3. Spawn. Pipe stdout and stderr.
4. Spin up two log pumps per child:
- `stdout_pump`: line-buffered → log file + ring buffer + broadcast channel.
- `stderr_pump`: same, tagged `stderr`.
5. `await child.wait()`. On exit, evaluate restart policy.
### Stop flow
1. Send `SIGTERM` to the process group.
2. Start grace timer (`stop.grace`).
3. On timer fire, `SIGKILL` the process group.
4. `await child.wait()`.
5. Close log pumps, transition to `stopped`.

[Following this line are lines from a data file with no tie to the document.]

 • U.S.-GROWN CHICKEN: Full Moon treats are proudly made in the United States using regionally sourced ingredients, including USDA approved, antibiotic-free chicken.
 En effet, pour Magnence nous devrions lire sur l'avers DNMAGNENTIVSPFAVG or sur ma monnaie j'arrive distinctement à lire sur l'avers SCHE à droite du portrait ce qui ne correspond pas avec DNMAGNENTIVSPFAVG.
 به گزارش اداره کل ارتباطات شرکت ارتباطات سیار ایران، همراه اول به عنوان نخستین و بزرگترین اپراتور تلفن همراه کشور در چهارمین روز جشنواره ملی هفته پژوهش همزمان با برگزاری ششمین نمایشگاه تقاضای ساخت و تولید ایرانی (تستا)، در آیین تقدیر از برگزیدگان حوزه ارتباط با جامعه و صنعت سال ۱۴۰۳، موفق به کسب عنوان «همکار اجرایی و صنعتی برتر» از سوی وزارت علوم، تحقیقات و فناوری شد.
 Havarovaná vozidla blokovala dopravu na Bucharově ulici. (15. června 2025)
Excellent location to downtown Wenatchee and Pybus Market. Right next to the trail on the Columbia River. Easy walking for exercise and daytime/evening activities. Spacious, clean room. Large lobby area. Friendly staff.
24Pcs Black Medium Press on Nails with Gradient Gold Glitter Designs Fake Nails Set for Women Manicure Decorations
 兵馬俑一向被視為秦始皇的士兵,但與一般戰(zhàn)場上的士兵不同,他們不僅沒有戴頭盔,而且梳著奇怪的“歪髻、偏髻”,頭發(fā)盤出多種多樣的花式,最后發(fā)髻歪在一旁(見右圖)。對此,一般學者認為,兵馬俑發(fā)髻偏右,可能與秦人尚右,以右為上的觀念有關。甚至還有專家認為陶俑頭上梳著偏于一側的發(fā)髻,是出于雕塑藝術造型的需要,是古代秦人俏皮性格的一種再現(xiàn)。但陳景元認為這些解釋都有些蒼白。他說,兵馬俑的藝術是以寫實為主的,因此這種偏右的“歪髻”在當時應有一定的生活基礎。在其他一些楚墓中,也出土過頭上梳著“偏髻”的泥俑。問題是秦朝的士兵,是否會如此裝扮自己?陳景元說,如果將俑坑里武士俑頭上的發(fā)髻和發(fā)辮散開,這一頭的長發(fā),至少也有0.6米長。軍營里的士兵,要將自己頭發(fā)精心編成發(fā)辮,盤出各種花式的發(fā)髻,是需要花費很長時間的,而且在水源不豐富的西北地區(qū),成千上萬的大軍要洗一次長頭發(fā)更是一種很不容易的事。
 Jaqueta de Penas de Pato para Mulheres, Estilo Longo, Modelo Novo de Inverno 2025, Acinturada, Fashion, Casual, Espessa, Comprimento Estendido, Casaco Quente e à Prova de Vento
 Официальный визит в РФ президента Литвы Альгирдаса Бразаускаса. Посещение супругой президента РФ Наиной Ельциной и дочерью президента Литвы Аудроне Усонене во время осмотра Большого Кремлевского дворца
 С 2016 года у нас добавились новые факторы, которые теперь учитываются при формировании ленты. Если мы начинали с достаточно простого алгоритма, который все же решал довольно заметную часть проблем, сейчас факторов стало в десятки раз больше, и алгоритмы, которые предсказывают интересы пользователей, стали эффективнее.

### Shutdown (daemon receives SIGTERM/SIGINT)
Broadcast `Shutdown` to all supervisor tasks → each runs its stop flow in
parallel → daemon awaits all with an outer deadline of `2 × max(stop.grace)`
across configs → exit `0`.
### Daemon boot
1. Resolve XDG paths, create state directories if missing.
2. Acquire pidfile (fail if another daemon is alive).

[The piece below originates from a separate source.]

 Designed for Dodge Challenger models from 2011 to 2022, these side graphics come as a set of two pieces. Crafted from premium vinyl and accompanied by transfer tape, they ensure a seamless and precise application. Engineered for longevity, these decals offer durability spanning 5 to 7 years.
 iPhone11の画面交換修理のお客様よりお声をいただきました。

3. Load and validate all configs. Fatal on any failure.
4. Bind Unix socket (0600 perms).
5. Spawn one supervisor task per config; send each an immediate `Start`
(auto-launch behavior).
6. Serve JSON-RPC until shutdown signal.
## Log handling
Per server:
- **Disk file** at `${XDG_STATE_HOME}/xy/logs/<name>.log`. Combined stdout+stderr with a leading tag per line: `[out]` / `[err]`. Size-based rotation: when current file ≥ 10 MB, rename to `<name>.log.1` (shifting older generations), open fresh. Keep at most 5 generations.
- **Ring buffer** in RAM, ~1 MB per server, holds the most recent log lines. Source for `logs --tail` without re-reading disk.
- **Broadcast channel** (`tokio::sync::broadcast`) for live `logs --follow` subscribers. Lagged subscribers are dropped with a warning.
## CLI surface
`clap` with `derive`. Subcommand structure:
```
xy daemon # foreground daemon (logs to stderr)
xy list # all configured servers + state
xy status <name> # single server detail
xy start <name|--all>
xy stop <name|--all>
xy restart <name|--all>
xy reload
xy logs <name> [--tail N] [--follow]
```
CLI exit codes:
| Code | Meaning |
|------|---------|
| 0 | success |
| 1 | operational error (server not found, port conflict on reload) |
| 2 | daemon unreachable (socket missing or refused) |
| 3 | config invalid |
## Error handling
Two layers, kept separate:
- **Libraries** (`xy-protocol`, `xy-supervisor`, `xy-ipc`): `thiserror` enums per crate. Callers can match on variants (e.g., `SupervisorError::AlreadyRunning`, `ConfigError::DuplicatePort { name_a, name_b, port }`).
- **Binary** (`xy`): `anyhow` for top-level startup and CLI reporting. The IPC layer has one match site translating typed errors into JSON-RPC error objects.
### Fatal vs non-fatal
| Class | Examples | Behavior |
|---|---|---|
| Fatal at daemon startup | socket bind fails; state dir uncreatable; any config invalid; duplicate port | exit non-zero, log to stderr |
| Non-fatal at runtime | child spawn fails; restart cap hit; log file write fails | log, mark server `failed` (or degrade log subsystem), daemon keeps running |
## Testing strategy
### Unit tests
- **`xy-supervisor`**: state-machine transitions using a mock `ChildHandle` trait so tests don't actually spawn processes. Cases:
- Restart policy decisions (`always` / `on-failure` / `never` × clean/dirty exit).
- Backoff math (initial, exponential, cap).
- Retry window (sliding 60s) → `failed` transition.
- Stop flow: grace timer expires → SIGKILL escalation.
- **`xy-protocol`**: KDL parse cases (minimal, full, invalid). JSON-RPC envelope round-trips. Error-code mapping.
### Integration tests
In `crates/xy/tests/`:
- Spin up the real daemon on a temp socket with temp state and config dirs (per-test `XDG_*` env via `tempfile`).
- Use tiny long-running test-only binaries built in the workspace:
- `xy-test-sleep-server`: sleeps until SIGTERM, prints periodic lines.
- `xy-test-exit-immediately`: exits non-zero immediately, used for failure-mode tests.
- Drive the real CLI subcommands; assert on `list` output and observable state transitions.
### CI
```
cargo +nightly fmt --check
cargo clippy --all-targets -- -D warnings
cargo test --all
```
## Future work (out of scope for MVP)
- Container isolation (rootless podman / Docker backend per server).
- HTTP/MCP-aware health probes.
- launchd LaunchAgent install command.
- TUI dashboard (would reuse `xy-protocol` over the same socket).
- macOS status bar app (same).
- Optional auth on the socket if it ever leaves the user's machine.